Imagine if your grandma had no place to call home. Sweet and frail Ivy spent 20 years sleeping in the tunnel of a train station, swept aside like a piece of rubbish. Sadly, she is far from alone.

At the age of 60, Ivy should have been basking in the autumn glow of a happy life. She’d been a stay-at-home mum, primarily involved in her children’s school activities and volunteering.

But when her husband of 35 years suddenly divorced her, Ivy found herself on a frighteningly fast downward spiral.

With no savings, no super and no job skills, this family matriarch who had once held everyone together, had nowhere to live. Not wanting to be a burden on her adult children and too ashamed to ask for help, Ivy quietly disappeared from her family’s life, exchanging the picket fence on which she’d once gazed for a dark and dirty railway tunnel. The trains came and went, but Ivy went nowhere.

A ticket to nowhere

When you start to scratch the surface of a glossy city like Sydney, you’ll see many older women just like Ivy who are homeless and in desperate need of help. An estimated 1 in 5 of the total homeless population are over the age of 55. This depressing statistic is made worse by a housing crisis that has forced thousands of older women into refuges, hostels or onto the streets.

But the statistics are easily glossed over. To understand what they really mean, we need to listen to stories like Ivy’s.

Surviving on the street is a full-time job. How do you shower? Where’s the next soup run? Where’s the safest place to sleep? Who is going to help you and who is going to assault you?

Ivy wasn’t streetwise. She was often attacked by passers-by who didn’t like the “old bag” sleeping on the floor. She was kicked, punched and spat on. She quickly learnt that the only way to survive was to pay other rough sleepers to protect her from the ruthless predators that saw her as easy prey. But she always slept with one eye open.

Ivy’s one small pleasure was to feed the pigeons with the leftovers she’d scavenge from the bins of a nearby food-hall.

The days quickly became weeks, then months, then years. Dehumanised and alone, the thought of re-entering mainstream society was terrifying to Ivy.

A home with heart

Ivy was approaching her 80th birthday when a bout of pneumonia lead to a hospital stay. Against her will but too fragile to survive another winter on the streets, she was brought to Mission Australia’s Charles Chambers Court.

One of our residential aged-care facilities, it offers a safe and caring environment to disadvantaged Australians like Ivy who rightly want to have their individuality and life stories respected. For the first time in 20 years, Ivy had access to regular, nutritious meals, hot showers, her own toilet, a warm bed and 24-hour medical care. She was safe from the violence and hardship of the streets.

But it’s hard to adjust to structure and organisation after the chaos of homelessness. For more than 20 years, Ivy had been stripped of every sense of security. She’d been completely alone. She didn’t trust anyone and her mental health had deteriorated.

At first Ivy didn’t think her life would improve at Charles Chambers Court. Every day, she would put her possessions into a shopping trolley and wheel them to the park where she would quietly feed her beloved pigeons.

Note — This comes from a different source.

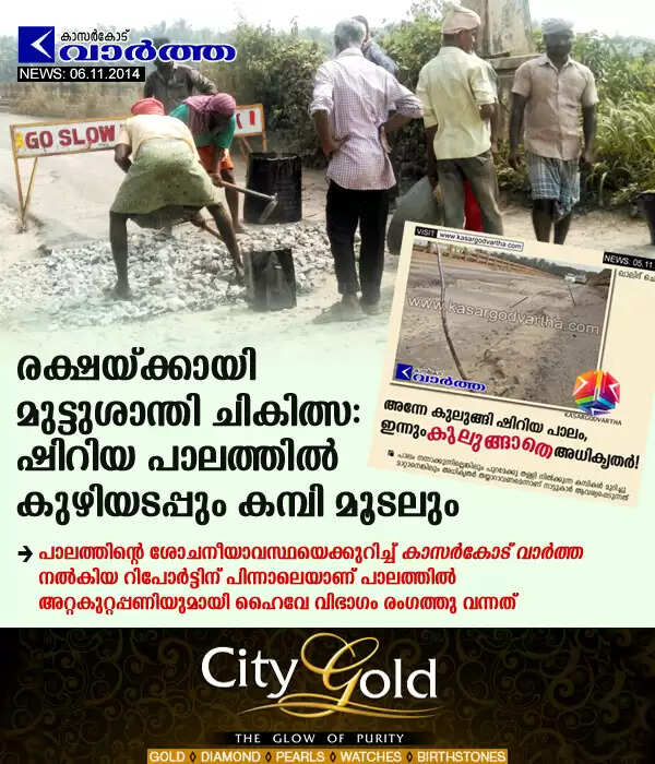 രക്ഷയ്ക്കായി മുട്ടുശാന്തി ചികിത്സ: ഷിറിയ പാലത്തില് കുഴിയടപ്പും കമ്പി മൂടലും
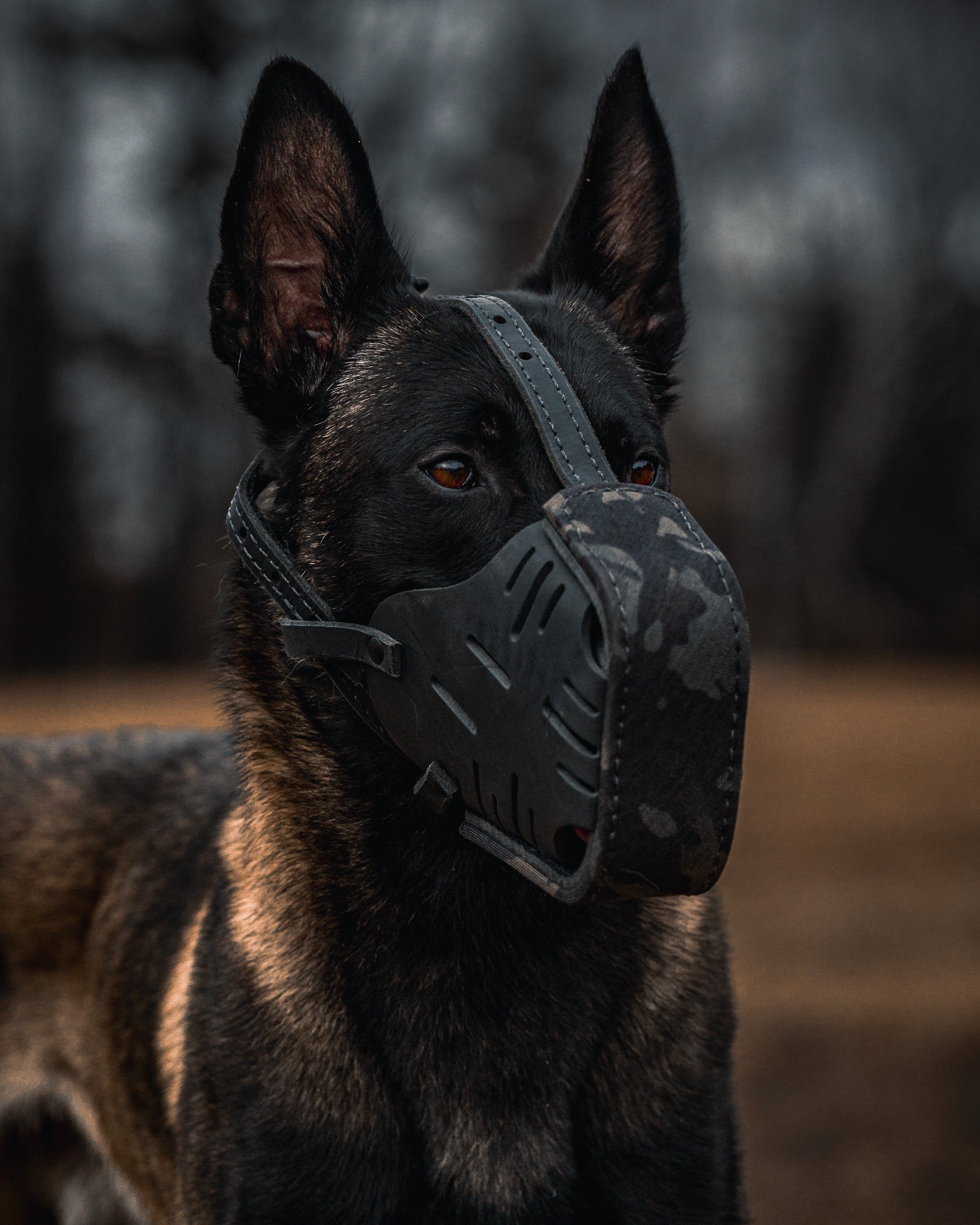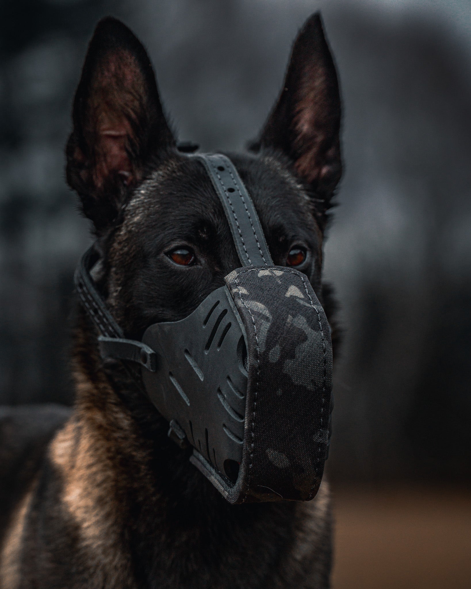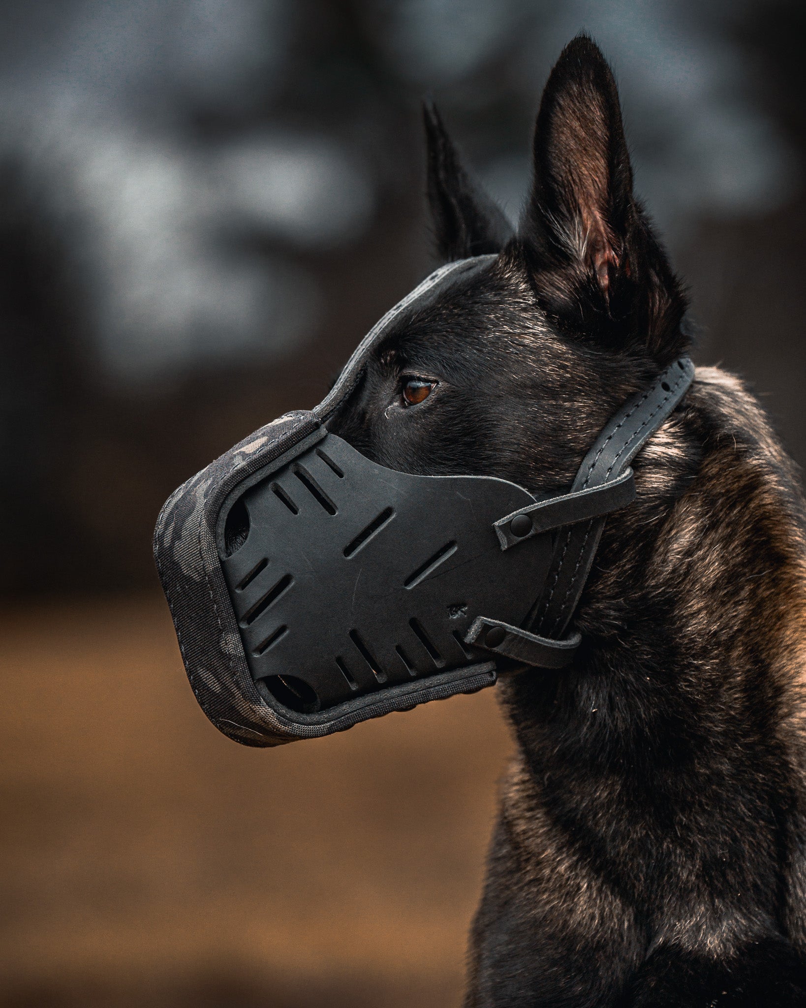 This muzzle is wrapped in Multicam Black Cordura. The inside of the muzzle cage measures 3" on top and 4.5" on the bottom. Straps are both nylon reenforced and adjustable. Pure brass hardware treated with a high resistance to scratching black finish. The muzzle fits most Mals, Dutchies, Labs and shorter snout Shepherds.

She didn’t speak to the other residents or staff. She avoided all eye contact.

It took time to earn this sweet and frail lady’s trust. But gradually, Charles Chambers Court became Ivy’s haven. She liked the warm and welcoming atmosphere here and became a much loved part of our community.

Ivy died peacefully in her sleep this year.

Sadly, there had been no contact with Ivy’s family. It had all been too painful and it had been easier at the time, to disappear from their lives. Time had marched on and mental illness brought on by the trauma of homelessness meant that for Ivy, her family had simply slipped away from memory.

We miss her.


*Names have been changed to protect the privacy of the people we help.